И теперь, предвидя неприятный разговор о переводе на какую-нибудь непыльную работу в другом отделе, он заранее ненавидел полковника Роднина. Человека, которому привык безоговорочно доверять, которого если не боготворил, то уважал, как способен один сильный мужчина уважать другого.
В течение долгих недель, пока Бондаря таскали по больничным кабинетам и вся его трудовая деятельность заключалась в составлении отчетной документации, он думал только о том дне, когда снова сядет напротив полковника и услышит от него подробности нового дела. Это означало бы, что он опять стал полноценным человеком, во всяком случае, так представлялось Бондарю. Мысль о том, что ему будет предложено и впредь заниматься сугубо бумажной работой, была для него невыносима. Он твердо решил, что лучше подаст в отставку, чем переквалифицируется в чиновника с удостоверением сотрудника ФСБ.
«Эх, надо было заранее накатать рапорт, – сокрушался Бондарь, ожидая продолжения. – С таким козырем на руках я чувствовал бы себя увереннее».
Поза его делалась все более непринужденной, почти развязной. Покачивая заброшенной на колено ногой, он уже намеревался попросить позволения закурить, когда Роднин соизволил нарушить затянувшееся молчание:
– Боюсь, тебе не понравится то, что ты сейчас услышишь, капитан.
– Я вам не девица красная, чтобы мне непременно угождать, – дерзко произнес Бондарь. – Говорите как есть. Совсем не обязательно ходить вокруг да около.
Роднин хмыкнул, осуждающе сузив глаза, в которых не угадывалось ни малейшего намека на приязнь или снисходительность.
«Ну, чего ты тянешь, старый лис? – мысленно спросил его Бондарь. – Валяй, выкладывай начистоту. Зачем ты меня вызвал? Собираешься сообщить, что ввиду изменений политических отношений между Россией и Эстонией меня велено с треском выгнать из органов? Или у тебя заготовлен приказ о назначении меня первым помощником младшего писаря при расформированном архиве НКВД? Давай, полковник, действуй. Покажи мне кузькину мать».
– Красные девицы, – пророкотал Роднин, – по улицам шляются. – Он показал большим пальцем на мокрое от дождя окно, за которым вряд ли наблюдались гуляющие. – А передо мной сидит мой распоясавшийся вконец подчиненный. Сегодня он ножкой в кабинете начальства болтает, завтра, глядишь, дымить начнет без разрешения. – Роднин откинулся на спинку кресла, как бы желая получше рассмотреть Бондаря. – Так?
Тот неохотно обронил:
– Нет.
– Тогда в чем дело?
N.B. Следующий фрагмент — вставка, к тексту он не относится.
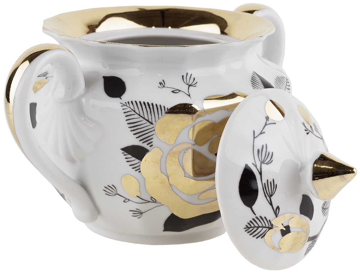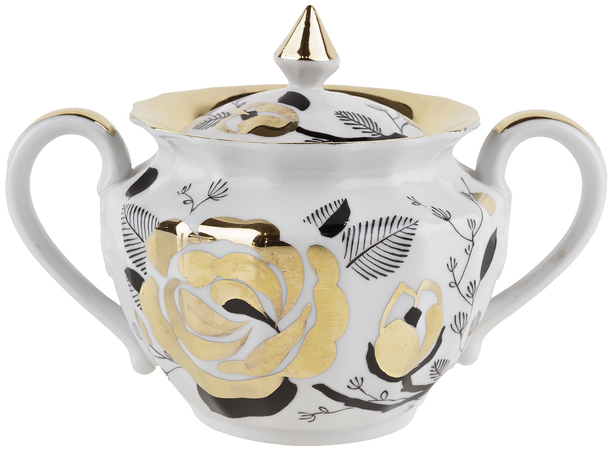Сахарница с крышкой "Золотая роза", фарфор, винтаж, Вербилки, СССР, 1965 - 1991 гг.

Что за вальяжная поза?
Властный тон Роднина подействовал на Бондаря как холодный душ. Вступление не сулило ничего хорошего. Именно поэтому Бондарь вспылил:
– Если вы прикажете мне встать по стойке «смирно», – тихо произнес он, – я встану и вытяну руки по швам. Но мне было предложено сесть, и я сижу. Если я в чем-то провинился, то так и скажите. Но предупреждаю: глотать архивную пыль я не согласен. Кабинетный работник из меня никудышный, товарищ полковник.
Роднин резко подался вперед, словно собираясь боднуть упрямца.
– Это совпадает с моим мнением, – проговорил он обманчиво мягким голосом.
Несмотря на то, что время близилось к полудню, за окном заметно потемнело. В это было трудно поверить, но погода продолжала ухудшаться. Роднин включил настольную лампу, встал, надел просохший пиджак и принялся старательно застегивать пуговицы, словно не было для него занятия более важного и ответственного.
Бондарь, внутренне похолодев от предчувствия беды, напомнил:
– Вы собирались сказать мне что-то неприятное, товарищ полковник.
Прежде чем ответить, Роднин опустился в кресло, поерзал, усаживаясь поудобнее, и только потом соизволил разжать губы.
– Совершенно верно, – подтвердил он с кислой миной. – Я считаю, что хватит тебе в управлении отсиживаться, капитан. Пора проветриться на свежем воздухе.
– Вы о чем? – не поверил своим ушам Бондарь.
– Разве я не ясно выражаюсь? – Довольный произведенным эффектом, Роднин не удержался от ухмылки. – Понимаю, что ты предпочел бы торчать в Москве, но, увы, покой нам только снится. Завтра утром отправляешься в командировку. Вот так, и никаких гвоздей!
– Василий Степанович!..
– Возражения не принимаются, товарищ капитан.
– Какие могут быть возражения? – воскликнул Бондарь, проявляя необычное для него оживление.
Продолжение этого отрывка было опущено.